[Entries taken from a collection]
Content starts

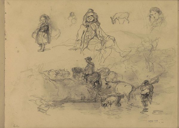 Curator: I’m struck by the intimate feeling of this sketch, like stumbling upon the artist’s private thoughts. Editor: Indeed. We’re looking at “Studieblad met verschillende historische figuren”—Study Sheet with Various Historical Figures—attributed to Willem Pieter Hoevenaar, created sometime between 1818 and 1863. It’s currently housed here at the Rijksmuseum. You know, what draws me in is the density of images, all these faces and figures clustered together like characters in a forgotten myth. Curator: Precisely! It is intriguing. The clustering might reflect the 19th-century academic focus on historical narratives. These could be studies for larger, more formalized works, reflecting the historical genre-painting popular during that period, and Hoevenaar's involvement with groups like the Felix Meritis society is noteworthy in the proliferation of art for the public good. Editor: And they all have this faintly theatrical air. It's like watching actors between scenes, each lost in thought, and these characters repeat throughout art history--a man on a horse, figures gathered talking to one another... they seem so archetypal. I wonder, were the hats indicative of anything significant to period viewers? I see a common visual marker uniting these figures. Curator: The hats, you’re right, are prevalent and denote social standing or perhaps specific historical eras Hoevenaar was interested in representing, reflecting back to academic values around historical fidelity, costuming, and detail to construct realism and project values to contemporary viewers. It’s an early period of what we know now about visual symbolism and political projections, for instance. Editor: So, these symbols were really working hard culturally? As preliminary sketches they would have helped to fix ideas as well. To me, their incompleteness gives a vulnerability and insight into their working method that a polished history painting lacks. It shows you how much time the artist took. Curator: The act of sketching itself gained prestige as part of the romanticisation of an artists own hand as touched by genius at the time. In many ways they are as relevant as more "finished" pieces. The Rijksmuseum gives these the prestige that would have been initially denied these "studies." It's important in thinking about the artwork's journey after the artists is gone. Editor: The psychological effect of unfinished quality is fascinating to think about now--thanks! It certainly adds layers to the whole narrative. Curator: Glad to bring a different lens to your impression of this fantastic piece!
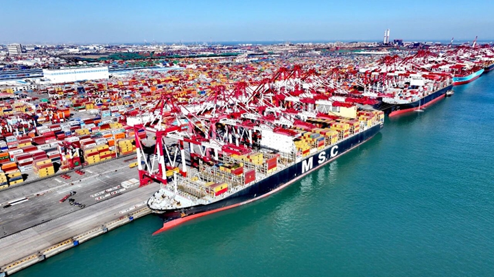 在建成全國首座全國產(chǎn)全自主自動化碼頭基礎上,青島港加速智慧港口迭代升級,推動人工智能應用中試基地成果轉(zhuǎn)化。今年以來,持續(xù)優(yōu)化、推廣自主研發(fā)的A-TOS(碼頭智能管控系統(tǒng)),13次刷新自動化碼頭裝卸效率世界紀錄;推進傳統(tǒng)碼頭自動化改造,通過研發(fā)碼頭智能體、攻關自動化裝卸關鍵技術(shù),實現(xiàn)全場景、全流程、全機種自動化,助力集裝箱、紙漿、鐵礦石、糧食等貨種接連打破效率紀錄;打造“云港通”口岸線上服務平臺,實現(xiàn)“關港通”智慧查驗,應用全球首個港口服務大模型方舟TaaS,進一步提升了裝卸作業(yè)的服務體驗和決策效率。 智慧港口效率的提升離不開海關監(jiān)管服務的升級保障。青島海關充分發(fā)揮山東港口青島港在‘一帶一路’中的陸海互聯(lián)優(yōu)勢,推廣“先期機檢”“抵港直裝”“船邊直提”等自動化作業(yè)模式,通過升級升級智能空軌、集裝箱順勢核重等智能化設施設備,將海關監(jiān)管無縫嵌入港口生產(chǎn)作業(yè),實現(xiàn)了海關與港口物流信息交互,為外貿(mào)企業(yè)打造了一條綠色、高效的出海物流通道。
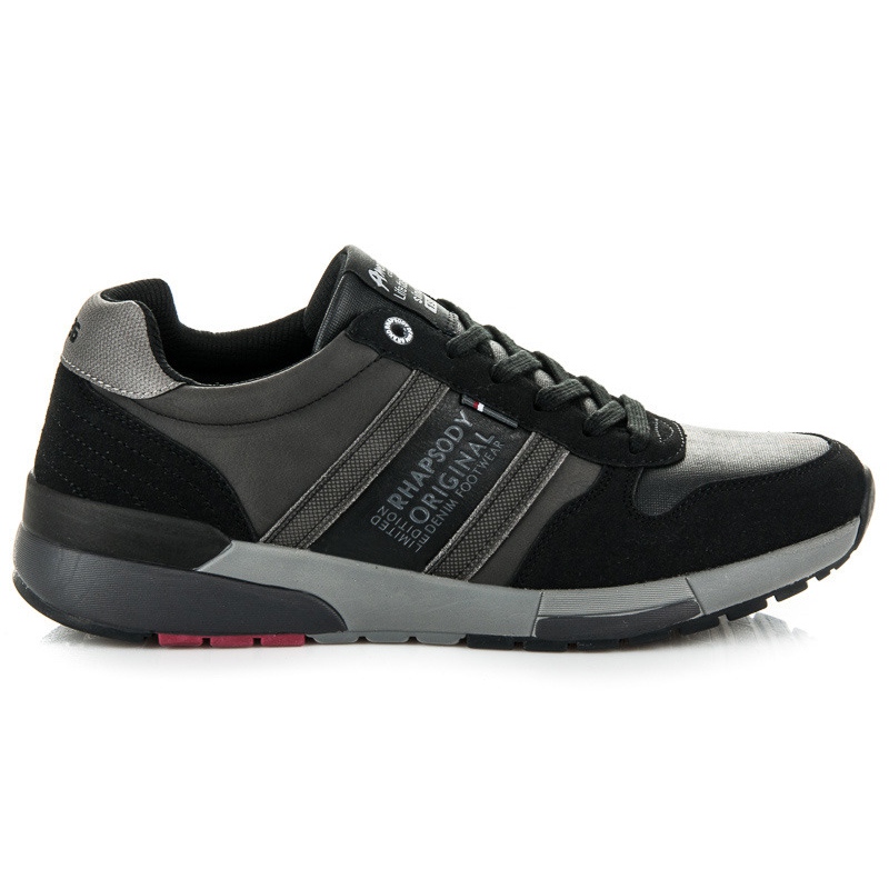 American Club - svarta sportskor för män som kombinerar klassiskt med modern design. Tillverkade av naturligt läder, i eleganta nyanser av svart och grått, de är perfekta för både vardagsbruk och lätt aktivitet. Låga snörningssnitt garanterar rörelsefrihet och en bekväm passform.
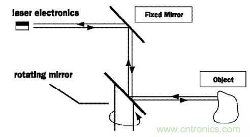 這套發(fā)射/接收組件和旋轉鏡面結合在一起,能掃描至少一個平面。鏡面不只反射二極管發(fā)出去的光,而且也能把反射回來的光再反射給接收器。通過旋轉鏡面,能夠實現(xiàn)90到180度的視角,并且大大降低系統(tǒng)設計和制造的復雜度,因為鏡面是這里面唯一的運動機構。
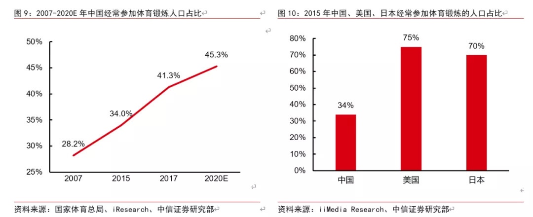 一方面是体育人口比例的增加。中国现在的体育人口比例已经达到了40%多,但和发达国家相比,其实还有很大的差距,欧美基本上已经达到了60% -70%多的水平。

Content ends

Only an exact copy of the records, free of images, belongs in the answer.

Answer box
 Curator: I’m struck by the intimate feeling of this sketch, like stumbling upon the artist’s private thoughts. Editor: Indeed. We’re looking at “Studieblad met verschillende historische figuren”—Study Sheet with Various Historical Figures—attributed to Willem Pieter Hoevenaar, created sometime between 1818 and 1863. It’s currently housed here at the Rijksmuseum. You know, what draws me in is the density of images, all these faces and figures clustered together like characters in a forgotten myth. Curator: Precisely! It is intriguing. The clustering might reflect the 19th-century academic focus on historical narratives. These could be studies for larger, more formalized works, reflecting the historical genre-painting popular during that period, and Hoevenaar's involvement with groups like the Felix Meritis society is noteworthy in the proliferation of art for the public good. Editor: And they all have this faintly theatrical air. It's like watching actors between scenes, each lost in thought, and these characters repeat throughout art history--a man on a horse, figures gathered talking to one another... they seem so archetypal. I wonder, were the hats indicative of anything significant to period viewers? I see a common visual marker uniting these figures. Curator: The hats, you’re right, are prevalent and denote social standing or perhaps specific historical eras Hoevenaar was interested in representing, reflecting back to academic values around historical fidelity, costuming, and detail to construct realism and project values to contemporary viewers. It’s an early period of what we know now about visual symbolism and political projections, for instance. Editor: So, these symbols were really working hard culturally? As preliminary sketches they would have helped to fix ideas as well. To me, their incompleteness gives a vulnerability and insight into their working method that a polished history painting lacks. It shows you how much time the artist took. Curator: The act of sketching itself gained prestige as part of the romanticisation of an artists own hand as touched by genius at the time. In many ways they are as relevant as more "finished" pieces. The Rijksmuseum gives these the prestige that would have been initially denied these "studies." It's important in thinking about the artwork's journey after the artists is gone. Editor: The psychological effect of unfinished quality is fascinating to think about now--thanks! It certainly adds layers to the whole narrative. Curator: Glad to bring a different lens to your impression of this fantastic piece!
 在建成全國首座全國產(chǎn)全自主自動化碼頭基礎上,青島港加速智慧港口迭代升級,推動人工智能應用中試基地成果轉(zhuǎn)化。今年以來,持續(xù)優(yōu)化、推廣自主研發(fā)的A-TOS(碼頭智能管控系統(tǒng)),13次刷新自動化碼頭裝卸效率世界紀錄;推進傳統(tǒng)碼頭自動化改造,通過研發(fā)碼頭智能體、攻關自動化裝卸關鍵技術(shù),實現(xiàn)全場景、全流程、全機種自動化,助力集裝箱、紙漿、鐵礦石、糧食等貨種接連打破效率紀錄;打造“云港通”口岸線上服務平臺,實現(xiàn)“關港通”智慧查驗,應用全球首個港口服務大模型方舟TaaS,進一步提升了裝卸作業(yè)的服務體驗和決策效率。 智慧港口效率的提升離不開海關監(jiān)管服務的升級保障。青島海關充分發(fā)揮山東港口青島港在‘一帶一路’中的陸海互聯(lián)優(yōu)勢,推廣“先期機檢”“抵港直裝”“船邊直提”等自動化作業(yè)模式,通過升級升級智能空軌、集裝箱順勢核重等智能化設施設備,將海關監(jiān)管無縫嵌入港口生產(chǎn)作業(yè),實現(xiàn)了海關與港口物流信息交互,為外貿(mào)企業(yè)打造了一條綠色、高效的出海物流通道。
 American Club - svarta sportskor för män som kombinerar klassiskt med modern design. Tillverkade av naturligt läder, i eleganta nyanser av svart och grått, de är perfekta för både vardagsbruk och lätt aktivitet. Låga snörningssnitt garanterar rörelsefrihet och en bekväm passform.
 這套發(fā)射/接收組件和旋轉鏡面結合在一起,能掃描至少一個平面。鏡面不只反射二極管發(fā)出去的光,而且也能把反射回來的光再反射給接收器。通過旋轉鏡面,能夠實現(xiàn)90到180度的視角,并且大大降低系統(tǒng)設計和制造的復雜度,因為鏡面是這里面唯一的運動機構。
 一方面是体育人口比例的增加。中国现在的体育人口比例已经达到了40%多,但和发达国家相比,其实还有很大的差距,欧美基本上已经达到了60% -70%多的水平。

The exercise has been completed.